Florida Trend | Florida's Business Authority

The Son of Immigrants

Growing up in Miami, David Zambrana was the child of Cuban immigrants. “Working hard and making a difference was at the root of what we heard at the dinner table,” he recalls. “My mom used to say, ‘Don’t walk into a room and walk out unless you leave it better than you found it.’ You know — ‘It’s a gift to be in this country. Don’t be a burden on anyone. You’re going to go to school because you’re going to do better than I did,’ was basically the mantra of how my sister and I were raised.”

Zambrana caught the nursing bug when his older sister went into nursing school. At Jackson Memorial Hospital in Miami, he worked in cardiac surgery intensive care, trauma and pediatric intensive care. He moved into administration across the street at the University of Miami Hospital, when he became chief nursing officer, then chief operating officer, then chief executive officer. Along the way he picked up an MBA and a Ph.D.
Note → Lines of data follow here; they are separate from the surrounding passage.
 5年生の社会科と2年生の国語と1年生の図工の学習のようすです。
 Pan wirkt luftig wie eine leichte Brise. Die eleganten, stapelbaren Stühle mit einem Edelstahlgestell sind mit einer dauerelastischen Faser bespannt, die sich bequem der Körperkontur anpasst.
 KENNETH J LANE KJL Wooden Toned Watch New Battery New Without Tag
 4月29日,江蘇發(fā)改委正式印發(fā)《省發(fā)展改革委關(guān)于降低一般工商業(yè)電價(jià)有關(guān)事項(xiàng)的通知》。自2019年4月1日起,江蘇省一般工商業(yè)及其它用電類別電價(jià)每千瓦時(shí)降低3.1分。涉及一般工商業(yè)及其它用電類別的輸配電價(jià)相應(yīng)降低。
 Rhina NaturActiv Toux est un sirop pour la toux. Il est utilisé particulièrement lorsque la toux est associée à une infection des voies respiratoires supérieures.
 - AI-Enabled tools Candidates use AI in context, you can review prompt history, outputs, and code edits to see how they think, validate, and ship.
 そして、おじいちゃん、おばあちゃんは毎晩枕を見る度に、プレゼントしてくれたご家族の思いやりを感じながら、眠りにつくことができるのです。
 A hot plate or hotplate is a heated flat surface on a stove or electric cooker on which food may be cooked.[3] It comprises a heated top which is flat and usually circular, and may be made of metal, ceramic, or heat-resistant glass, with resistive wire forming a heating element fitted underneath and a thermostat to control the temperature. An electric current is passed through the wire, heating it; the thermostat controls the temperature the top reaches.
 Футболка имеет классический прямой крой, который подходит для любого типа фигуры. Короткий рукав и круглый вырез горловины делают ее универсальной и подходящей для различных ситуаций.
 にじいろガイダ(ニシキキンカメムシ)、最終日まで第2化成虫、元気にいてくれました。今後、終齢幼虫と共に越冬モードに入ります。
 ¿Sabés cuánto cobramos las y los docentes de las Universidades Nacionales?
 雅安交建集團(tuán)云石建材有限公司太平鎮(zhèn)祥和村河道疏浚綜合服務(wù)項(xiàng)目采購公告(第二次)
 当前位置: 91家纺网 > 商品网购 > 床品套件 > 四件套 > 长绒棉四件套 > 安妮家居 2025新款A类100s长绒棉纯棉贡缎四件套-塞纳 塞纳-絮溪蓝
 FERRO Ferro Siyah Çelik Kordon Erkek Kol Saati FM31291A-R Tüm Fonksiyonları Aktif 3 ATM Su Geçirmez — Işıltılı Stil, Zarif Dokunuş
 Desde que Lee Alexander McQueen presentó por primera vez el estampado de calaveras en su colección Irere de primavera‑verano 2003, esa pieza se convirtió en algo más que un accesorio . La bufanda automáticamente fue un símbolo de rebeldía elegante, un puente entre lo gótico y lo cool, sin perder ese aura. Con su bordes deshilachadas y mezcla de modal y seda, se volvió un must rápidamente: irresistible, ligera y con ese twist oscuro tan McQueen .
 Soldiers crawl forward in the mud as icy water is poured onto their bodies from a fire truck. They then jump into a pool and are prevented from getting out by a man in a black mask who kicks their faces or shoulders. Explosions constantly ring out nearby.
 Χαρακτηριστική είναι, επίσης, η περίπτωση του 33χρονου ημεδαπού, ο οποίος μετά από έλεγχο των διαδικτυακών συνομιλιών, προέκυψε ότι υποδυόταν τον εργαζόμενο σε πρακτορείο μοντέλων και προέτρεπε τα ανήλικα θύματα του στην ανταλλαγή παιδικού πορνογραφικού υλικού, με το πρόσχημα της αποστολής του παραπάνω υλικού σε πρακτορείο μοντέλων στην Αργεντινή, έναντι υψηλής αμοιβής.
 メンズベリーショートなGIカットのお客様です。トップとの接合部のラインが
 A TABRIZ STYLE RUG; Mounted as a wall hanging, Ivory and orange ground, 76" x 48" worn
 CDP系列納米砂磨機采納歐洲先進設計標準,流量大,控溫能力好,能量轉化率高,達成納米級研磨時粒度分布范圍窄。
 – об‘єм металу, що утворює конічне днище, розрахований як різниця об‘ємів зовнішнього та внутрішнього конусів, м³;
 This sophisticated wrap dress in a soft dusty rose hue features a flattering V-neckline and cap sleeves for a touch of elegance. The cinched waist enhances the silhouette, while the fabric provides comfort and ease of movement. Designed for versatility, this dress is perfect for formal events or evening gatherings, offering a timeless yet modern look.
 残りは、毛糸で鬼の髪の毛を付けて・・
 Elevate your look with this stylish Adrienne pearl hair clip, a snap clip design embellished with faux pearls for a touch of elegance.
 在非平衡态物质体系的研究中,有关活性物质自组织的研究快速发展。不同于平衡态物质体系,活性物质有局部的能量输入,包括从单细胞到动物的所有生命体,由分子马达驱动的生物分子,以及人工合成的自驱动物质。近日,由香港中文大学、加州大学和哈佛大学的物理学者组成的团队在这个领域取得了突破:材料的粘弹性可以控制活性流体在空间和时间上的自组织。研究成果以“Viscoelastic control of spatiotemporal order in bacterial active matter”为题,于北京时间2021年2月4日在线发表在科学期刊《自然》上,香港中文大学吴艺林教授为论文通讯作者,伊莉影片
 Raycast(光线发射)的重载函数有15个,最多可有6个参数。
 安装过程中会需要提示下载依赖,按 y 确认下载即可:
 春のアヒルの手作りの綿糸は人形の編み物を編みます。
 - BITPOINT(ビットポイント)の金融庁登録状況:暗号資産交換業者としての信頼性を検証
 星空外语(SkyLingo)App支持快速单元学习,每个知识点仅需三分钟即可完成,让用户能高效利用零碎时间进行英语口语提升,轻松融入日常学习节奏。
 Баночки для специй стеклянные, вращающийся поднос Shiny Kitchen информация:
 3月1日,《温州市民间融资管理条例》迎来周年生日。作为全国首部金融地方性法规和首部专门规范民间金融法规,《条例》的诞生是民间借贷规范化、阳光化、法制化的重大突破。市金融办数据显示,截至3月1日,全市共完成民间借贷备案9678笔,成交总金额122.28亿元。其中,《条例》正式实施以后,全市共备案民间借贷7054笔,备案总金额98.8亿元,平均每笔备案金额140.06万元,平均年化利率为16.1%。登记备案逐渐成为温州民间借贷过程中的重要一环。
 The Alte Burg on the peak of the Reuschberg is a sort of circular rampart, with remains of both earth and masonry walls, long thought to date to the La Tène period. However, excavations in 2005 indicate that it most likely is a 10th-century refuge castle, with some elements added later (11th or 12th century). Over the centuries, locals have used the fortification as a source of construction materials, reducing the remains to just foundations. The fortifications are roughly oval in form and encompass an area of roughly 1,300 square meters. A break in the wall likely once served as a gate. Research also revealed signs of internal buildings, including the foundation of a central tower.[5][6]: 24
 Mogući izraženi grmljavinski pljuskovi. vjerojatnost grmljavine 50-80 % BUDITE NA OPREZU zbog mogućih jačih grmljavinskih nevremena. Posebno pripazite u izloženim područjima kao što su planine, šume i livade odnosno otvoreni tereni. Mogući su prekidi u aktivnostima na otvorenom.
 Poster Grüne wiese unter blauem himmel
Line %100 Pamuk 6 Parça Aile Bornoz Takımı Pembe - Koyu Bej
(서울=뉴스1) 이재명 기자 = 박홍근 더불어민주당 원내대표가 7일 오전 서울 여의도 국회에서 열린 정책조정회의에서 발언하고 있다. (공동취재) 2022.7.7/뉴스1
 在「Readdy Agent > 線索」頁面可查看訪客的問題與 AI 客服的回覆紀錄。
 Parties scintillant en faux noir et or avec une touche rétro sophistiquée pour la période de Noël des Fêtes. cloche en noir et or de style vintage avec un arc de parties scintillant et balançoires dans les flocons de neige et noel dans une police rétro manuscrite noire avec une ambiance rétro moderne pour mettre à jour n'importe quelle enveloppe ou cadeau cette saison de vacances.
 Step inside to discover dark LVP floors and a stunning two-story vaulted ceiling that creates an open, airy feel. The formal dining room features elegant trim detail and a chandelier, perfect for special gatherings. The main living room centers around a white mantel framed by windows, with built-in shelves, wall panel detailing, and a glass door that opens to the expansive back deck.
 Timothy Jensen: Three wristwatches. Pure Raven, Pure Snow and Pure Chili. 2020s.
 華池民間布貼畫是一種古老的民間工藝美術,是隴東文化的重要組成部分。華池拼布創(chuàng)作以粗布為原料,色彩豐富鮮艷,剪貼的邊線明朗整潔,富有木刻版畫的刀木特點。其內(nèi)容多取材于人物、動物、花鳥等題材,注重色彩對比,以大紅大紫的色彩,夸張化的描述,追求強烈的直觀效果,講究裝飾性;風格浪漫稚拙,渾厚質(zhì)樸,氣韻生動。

Now he’s come full circle. He returned to Jackson Memorial in 2016 as its CEO, and today he’s the executive vice president and COO of Jackson Health System, Miami-Dade’s taxpayer-owned health care network, which includes seven hospitals as well as urgent care centers and primary care centers.

His business degree gives him credibility in the business world, but he’ll always think in medical terms: “Every single day, every single problem, every single opportunity, every single challenge that we go through, I can’t help but first start thinking about it from the perspective of the nurse or the clinician or the technologist or the caregiver” who’s on the front lines.

“If a surgeon says to me, ‘Such-and-such went wrong in the OR,’ right away I can understand what they’re telling me.”